GNOME Bugzilla – Bug 768567
session: Clean up handling of run queue source
Last modified: 2018-09-21 16:26:28 UTC
We're seeing an occasional crash in ostree: https://github.com/ostreedev/ostree/issues/373 This patch appears to fix it. I can't say that I conclusively know the exact bug, but there are a few things this patch cleans up. First, if `self->disposed` is true, the source will be destroyed, but remained on the list. Fix that by moving down the `if (self->disposed)` conditional. Another thing I observed then is that actually, this list can have at most one element in the current codebase. So then we can just store a `GSource*` reference in `priv`. Then, we no longer need to search through all sources on the main context for our `priv` pointer, we can just reference the pointer. This is a very common pattern. Now, we don't even need to call `g_main_context_find_source_by_user_data()` or `g_main_current_source()`.
Created attachment 331079 [details] [review] session: Clean up handling of run queue source
This breaks tests/context-test.c =/ I see that each SoupMessageQueueItem may potentially have a different context.
Created attachment 331081 [details] [review] session: Clean up handling of run queue source We're seeing an occasional crash in ostree: https://github.com/ostreedev/ostree/issues/373 This patch appears to fix it. I can't say that I conclusively know the exact bug, but there are a few things this patch cleans up. First, if `self->disposed` is true, the source will be destroyed, but remained on the list. Fix that by moving down the `if (self->disposed)` conditional. Also, searching through all sources on the main context for our `priv` pointer is ugly...it's more efficient for us to maintain a mapping, and also ensure that mapping holds a reference to the main context too.

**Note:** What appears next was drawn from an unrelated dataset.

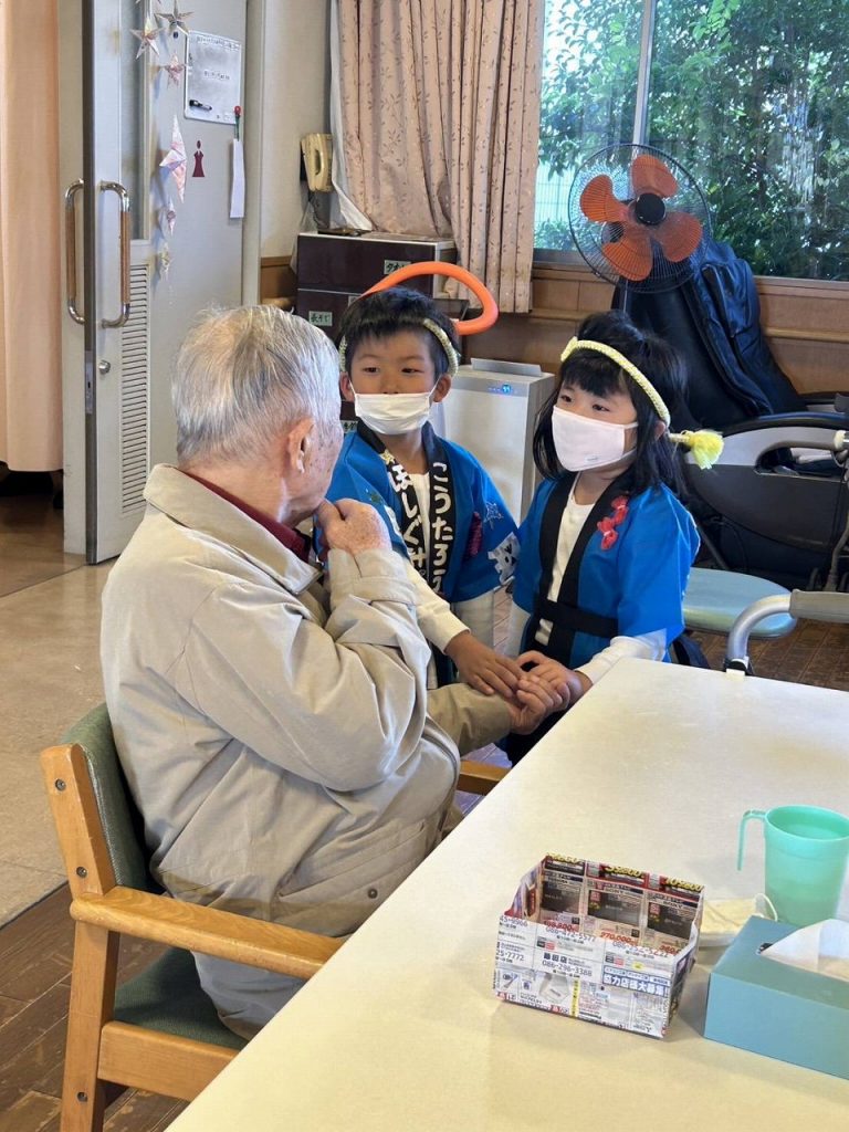 子ども達がくると手を叩いて喜んでくださる利用者のみなさんに温かく迎えられました♡

Fixed that by having an explicit map.
Comment on attachment 331081 [details] [review] session: Clean up handling of run queue source >Also, searching through all sources on the main context for our `priv` >pointer is ugly...it's more efficient for us to maintain a mapping, >and also ensure that mapping holds a reference to the main context >too. Contexts hold refs on their sources, so sources can't hold refs on their contexts too or you'll end up leaking things. That's where all the ugliness in this code comes from. With your patch, if you finish with a GMainContext and unref it (and stop iterating it), but libsoup has queued a run_queue source on it, then the GMainContext (and everything attached to it) won't actually get freed until the session is destroyed. If you only ever create one SoupSession, and then repeatedly use GMainContexts only once [as WebKitGTK used to do and maybe still does] then you'll keep leaking more and more. The current code is clearly not thread-safe though... idle_run_queue() could start running in one thread and get past the "if (priv->disposed)" check, and then the session could get disposed in another thread.

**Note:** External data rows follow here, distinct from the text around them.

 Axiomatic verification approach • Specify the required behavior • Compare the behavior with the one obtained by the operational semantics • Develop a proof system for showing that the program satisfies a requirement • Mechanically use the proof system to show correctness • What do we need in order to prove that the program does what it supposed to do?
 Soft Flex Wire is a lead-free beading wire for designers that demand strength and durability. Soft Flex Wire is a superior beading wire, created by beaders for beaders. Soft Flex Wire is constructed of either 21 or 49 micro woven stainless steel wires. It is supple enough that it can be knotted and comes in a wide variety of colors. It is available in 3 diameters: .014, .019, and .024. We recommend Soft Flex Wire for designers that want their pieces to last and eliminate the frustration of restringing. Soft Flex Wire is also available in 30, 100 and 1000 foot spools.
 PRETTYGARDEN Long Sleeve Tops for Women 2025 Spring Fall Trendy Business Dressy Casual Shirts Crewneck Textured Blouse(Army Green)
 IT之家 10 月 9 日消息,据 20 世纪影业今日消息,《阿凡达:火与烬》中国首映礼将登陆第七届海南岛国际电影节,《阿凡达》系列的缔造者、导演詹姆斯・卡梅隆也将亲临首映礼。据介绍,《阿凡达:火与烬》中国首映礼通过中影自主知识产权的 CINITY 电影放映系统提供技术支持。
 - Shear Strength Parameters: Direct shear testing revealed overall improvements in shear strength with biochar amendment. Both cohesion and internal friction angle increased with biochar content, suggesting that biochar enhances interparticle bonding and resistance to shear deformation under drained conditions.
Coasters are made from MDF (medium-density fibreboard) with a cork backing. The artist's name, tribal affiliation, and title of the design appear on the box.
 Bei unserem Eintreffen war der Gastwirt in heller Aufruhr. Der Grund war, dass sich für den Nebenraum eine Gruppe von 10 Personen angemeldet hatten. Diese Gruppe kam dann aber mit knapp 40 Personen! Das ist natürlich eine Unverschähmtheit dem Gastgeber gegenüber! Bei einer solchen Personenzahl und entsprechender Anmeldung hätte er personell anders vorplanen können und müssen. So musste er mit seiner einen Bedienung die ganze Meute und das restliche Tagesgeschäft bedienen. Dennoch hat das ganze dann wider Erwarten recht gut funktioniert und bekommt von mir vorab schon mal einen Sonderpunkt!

looking at https://github.com/ostreedev/ostree/issues/373#issuecomment-231341349 and trying to figure out how we could get there, I notice that there's no mutex protecting run_queue_sources, which is obviously no good.
(In reply to Dan Winship from comment #5) > If you only ever create > one SoupSession, and then repeatedly use GMainContexts only once [as > WebKitGTK used to do and maybe still does] then you'll keep leaking more and > more. That sounds like a strange thing to do. > The current code is clearly not thread-safe though... idle_run_queue() could > start running in one thread and get past the "if (priv->disposed)" check, > and then the session could get disposed in another thread. That would indeed explain why the ostree change to predictably dispose it in one thread fixed the bug. Anyways so there may be no immediate bug here, but in general I find it quite ugly how we currently search for a source via user data. While it's obviously unlikely, what if someone was using GUINT_TO_POINTER() for their user data and it happened to be the same value as the priv pointer? If webkit isn't any longer doing that weird multiple-context-for-single-session thing, I think it'd argue for this patch + a mutex?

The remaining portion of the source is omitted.